Monday 18 October 2010

What makes for a happy marriage?

According to Dr. John Gottman, a sound relationship house is based on the following seven elements:

Build Love Maps:
How well do you know your partner’s inner psychological world, his or her worries, stresses, joys, and dreams?

Share Fondness and Admiration:
The antidote for contempt, this level focuses on the amount of affection and respect within a relationship. (To strengthen fondness and admiration, express appreciation and respect.)

Turn Towards:
State your needs, be aware of bids and turn towards them. The small moments of everyday life are actually the building blocks of relationship.

The Positive Perspective:
The presence of positive affect in problem-solving discussions and the success of repair attempts.

Manage Conflict:
We use the term “manage” conflict rather than “resolve” conflict because relationship conflict is natural and it has functional, positive aspects. Understand the critical difference in handling perpetual problems and solvable problems.

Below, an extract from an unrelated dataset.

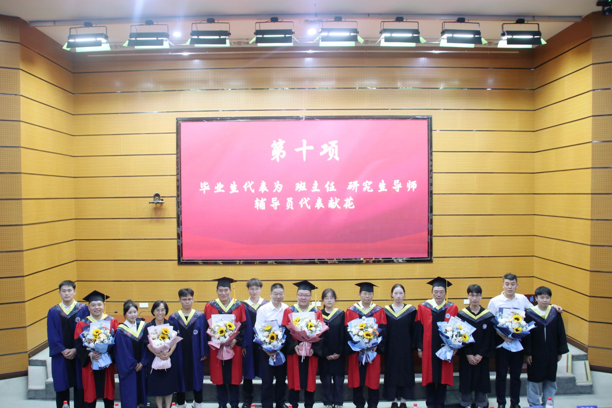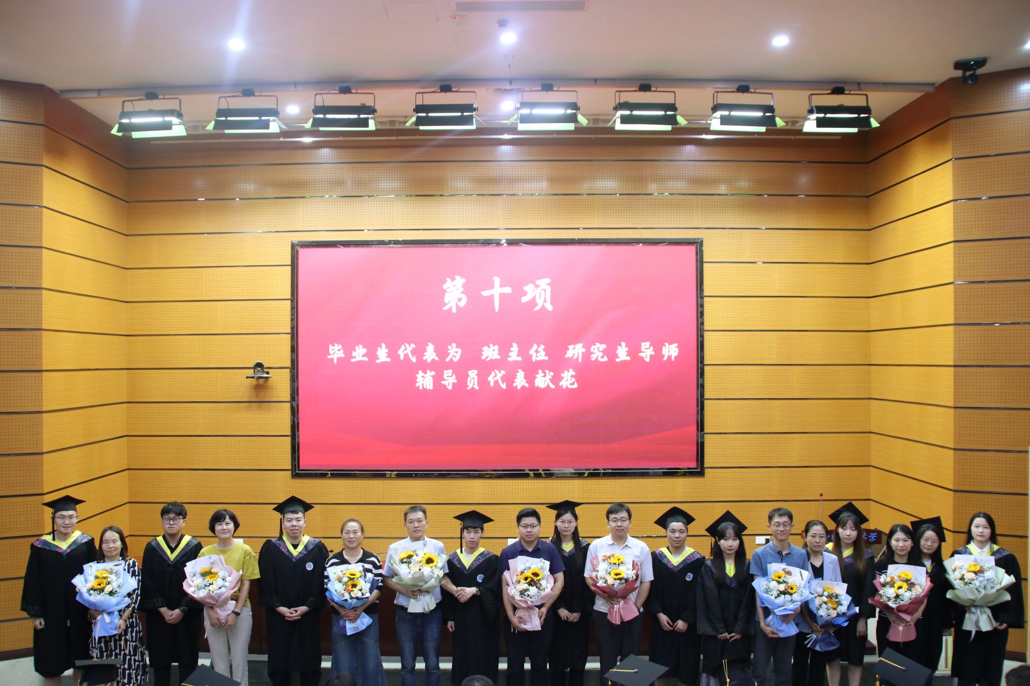 随后,毕业生代表向研究生导师、班主任、辅导员献花。感恩老师们一路的辛勤培育和谆谆教诲。
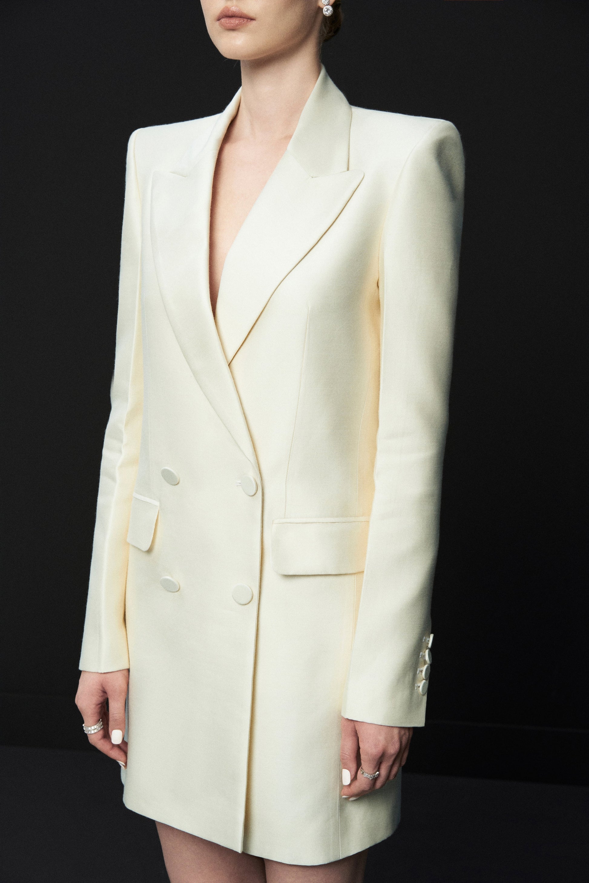 Elegant with the peak lapel blazer style, but still no less the feminity with a minidress form, the item is a harmonious interference of softness and sturdiness which will be a great choice for trendy modern girls.

Make Life Dreams Come True:
Create an atmosphere that encourages each person to talk honestly about his or her dreams, values, convictions and aspirations.

Create Shared Meaning:
Understand important dreams, narratives, myths, and metaphors about your relationship.

There but for God's grace we all go....

Matthew 19:11-12
Jesus said, "Not everyone is mature enough to live a married life. It requires a certain aptitude and grace. Marriage isn't for everyone. Some, from birth seemingly, never give marriage a thought. Others never get asked—or accepted. And some decide not to get married for kingdom reasons. But if you're capable of growing into the largeness of marriage, do it."